Comment 17 Michael Marley 2010-09-21 01:54:45 UTC
No surprise, but -rc5 does not fix the issue; it produces exactly the same kernel panic. Any progress on finding out what caused it?
Comment 18 Thomas Gleixner 2010-09-21 10:19:01 UTC
> --- Comment #17 from Michael Marley <firstname.lastname@example.org> 2010-09-21 > 01:54:45 --- > No surprise, but -rc5 does not fix the issue; it produces exactly the same > kernel panic. Any progress on finding out what caused it? Hmm, I have to admit that I have no clue at all. The delta in the related areas (ioapic, apic, hpet, 8259, 8253) from rc3 to rc4 is exaclty zero. Any chance, that you can bisect it ? Thanks, tglx
Comment 19 Michael Marley 2010-09-21 10:22:35 UTC
I will try.
Comment 20 Michael Marley 2010-09-21 16:39:09 UTC
OK, I officially have no idea what is going on here. My bisect completely failed, all 8 kernels I built from it failed in exactly the same way. So, I tried building 2.6.36-rc3 again, and I get the same problem as I was getting. Then, I tried compiling both -rc3 and -rc5 with gcc-4.4 instead of 4.5, and still got the same error on both.
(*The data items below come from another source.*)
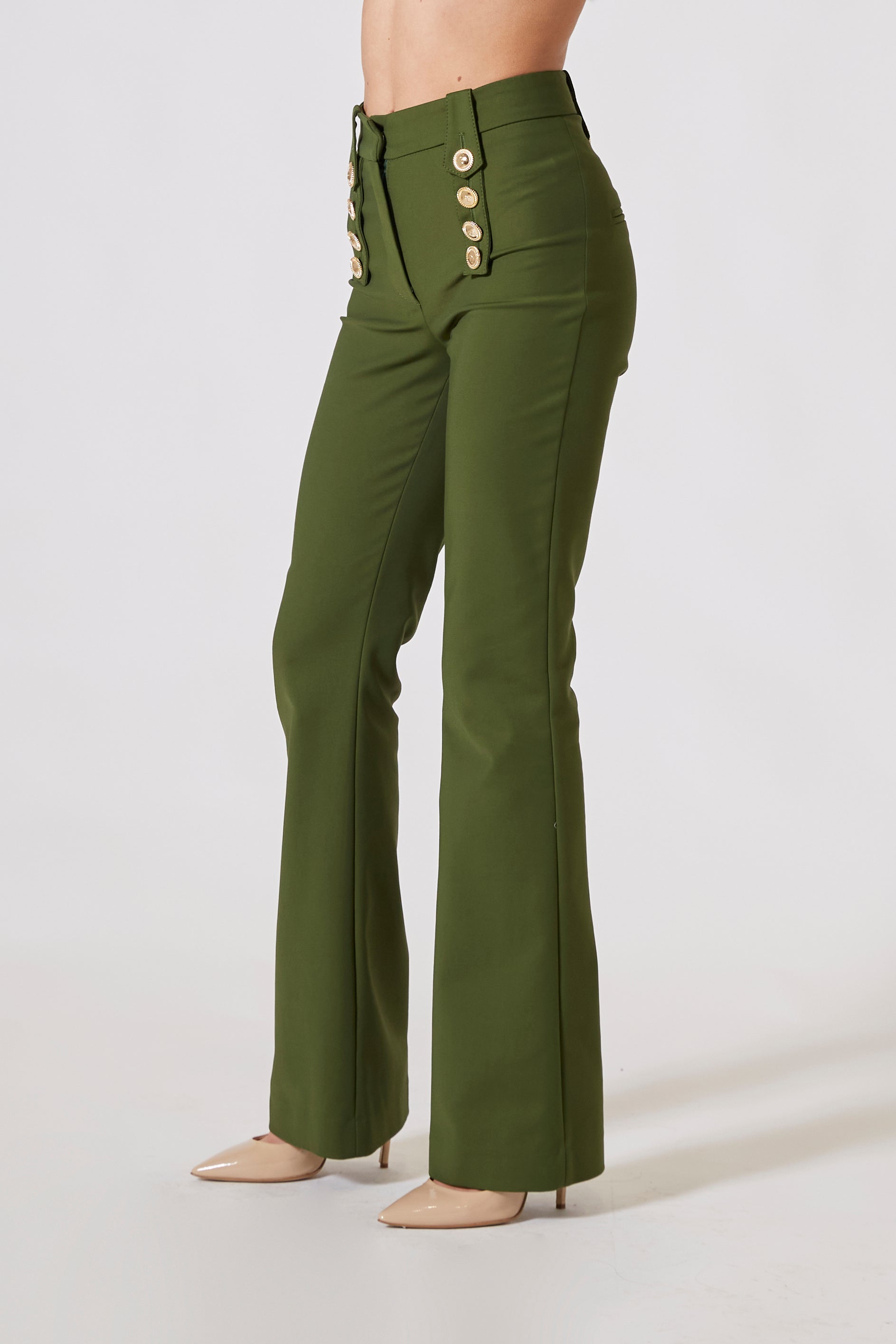 La linea ampia disegna una silhouette morbida e decisa, che scivola lungo le gambe come un respiro leggero, accarezzando il corpo e muovendosi con esso in una danza silenziosa. Sulle due estremità della vita, una fila ordinata di bottoni oro marchiati FC, sigillo prezioso di Flavio Castellani, punteggia il tessuto come piccole monete di luce, creando un equilibrio perfetto tra sobrietà e lusso discreto.
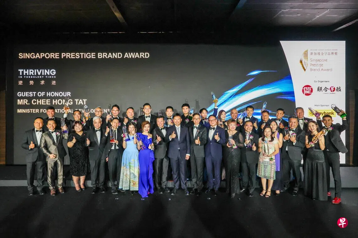 由中小企业商会和《联合早报》联办的金字品牌奖已步入第23个年头,颁奖典礼在丽思卡尔顿美年酒店(Ritz-Carlton Millenia)举行。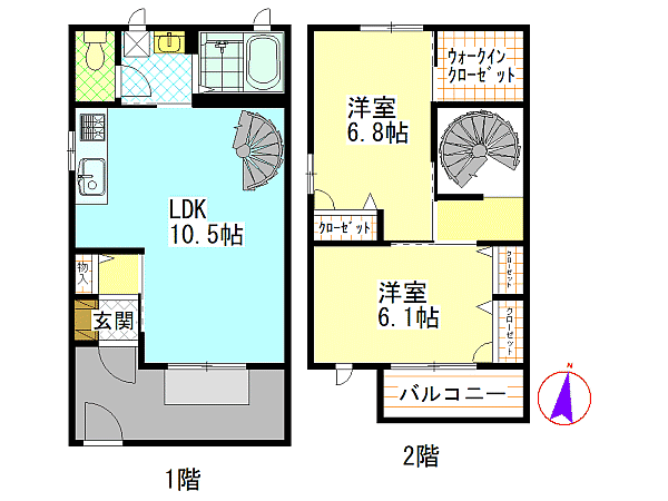 間取内容 | 洋室6.1畳 洋室6.8畳 LDK10.5畳 | ||
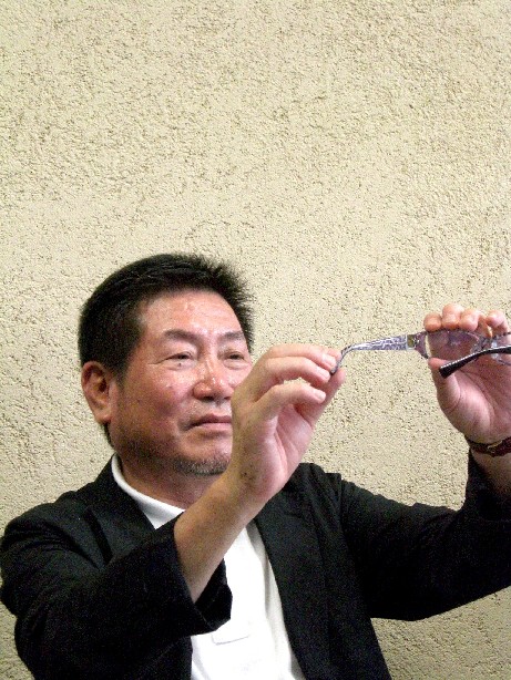 ↑アゲートが入っているサンプルをご覧になる巨匠 ご好評頂いているEE22916ですが、 そこに装着されているアゲートを輸入、染色、カットされている 巨匠が弊社をご訪問されました。 (遠いところ、ありがとうございます!) 様々な天然石を扱われている先生で、 以前、ご紹介させていただいたものは珊瑚瑪瑙といって インドネシアで取れたものだそうです。 今回のアゲートは・・・・ 原石の段階で、どの塊りがどんな風に色が浸透していくかを見極めて、 これぞ、と思われる天然石を染料に浸します。 日の当たらない場所で様子を見ながら約3ヶ月、染色するそうです。 その後、天然石を薄くスライスしていき(これぞ巨匠のテク!) 熱処理でその染料を定着させるそう。ただし、 ○○○℃~○○○℃までの間で定着させます。(秘) 600℃まで行くと天然石の模様もいれた染料も炭化してしまい、 全て透明になってしまうそう。 今回のEROSの石も様々な試験を経て、ここが最高点というところで 石の加工をしていただけたんだとか。 タンザナイト(タンザニア)の話や、 アフリカ←→インド間の天然石の貿易の話、 そして、今回、EROSでも使っているアゲートで ランプシェードを作成したら、数百万になっちゃったよ、 と、出てくる会話の内容が半端じゃないお人でした。 ぱっと見は怖いですねぇ~。 かなり、強面の先生でしたが、 『巨匠の手を見せてください!』 というと、手を隠しちゃうような、おちゃめな一面も 持ち合わせている方でした。

Comment 21 H. Peter Anvin 2010-09-21 17:28:08 UTC
*Which* gcc 4.4 and 4.5 are you using? In particular, are you using stock gcc or a distro build? Stock gcc 4.4.4 is known to miscompile the kernel.
Comment 22 Michael Marley 2010-09-21 19:08:37 UTC
I am using the GCC 4.4.4 and 4.5.1 build from Ubuntu Maverick. I had been using 4.5.0 and 4.5.1 successfully for a while (keeping them up-to-date, of course), but it quit working sometime between -rc3 and -rc4. Now, I cannot compile any 2.6.36 kernel successfully using any compiler on my system.
Comment 23 Michael Marley 2010-09-22 02:06:22 UTC
I found the problem. It is not a kernel issue or a compiler issue, but instead a linker issue. There was an update of Binutils on ubuntu not long after I compiled 2.6.36-rc3 that caused all future builds to work improperly. I will file a bug there. Sorry to bother you.